I must be back in
the trap before sunset. Excuse me, Katuti, so we call the school. Here
comes your little Nemu."
The brother and sister left the garden.
As soon as the ladies, who accompanied them, had turned their backs,
Bent-Anat grasped her brother's hand with unaccustomed warmth, and said:
"Avoid all imprudence; but your demand is just, and I will help you with
all my heart."
CHAPTER XI.
As soon as Bent-Anat had quitted Mena's domain, the dwarf Nemu entered
the garden with a letter, and briefly related his adventures; but in such
a comical fashion that both the ladies laughed, and Katuti, with a lively
gaiety, which was usually foreign to her, while she warned him, at the
same time praised his acuteness.
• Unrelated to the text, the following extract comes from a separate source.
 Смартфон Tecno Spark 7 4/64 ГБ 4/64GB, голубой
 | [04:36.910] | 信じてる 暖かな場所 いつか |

She looked at the seal of the letter and
said:
"This is a lucky day; it has brought us great things, and the promise of
greater things in the future." Nefert came close up to her and said
imploringly: "Open the letter, and see if there is nothing in it from
him."
Katuti unfastened the wax, looked through the letter with a hasty glance,
stroked the cheek of her child, and said:
"Perhaps your brother has written for him; I see no line in his
handwriting."
Nefert on her side glanced at the letter, but not to read it, only to
seek some trace of the well-known handwriting of her husband.
Like all the Egyptian women of good family she could read, and during the
first two years of her married life she had often--very often--had the
opportunity of puzzling, and yet rejoicing, over the feeble signs which
the iron hand of the charioteer had scrawled on the papyrus for her whose
slender fingers could guide the reed pen with firmness and decision.
She examined the letter, and at last said, with tears in her eyes:
"Nothing! I will go to my room, mother."
Katuti kissed her and said, "Hear first what your brother writes."
But Nefert shook her head, turned away in silence, and disappeared into
the house.
Katuti was not very friendly to her son-in-law, but her heart clung to
her handsome, reckless son, the very image of her lost husband, the
favorite of women, and the gayest youth among the young nobles who
composed the chariot-guard of the king.
How fully he had written to-day--he who weilded the reed-pen so
laboriously.
This really was a letter; while, usually, he only asked in the fewest
words for fresh funds for the gratification of his extravagant tastes.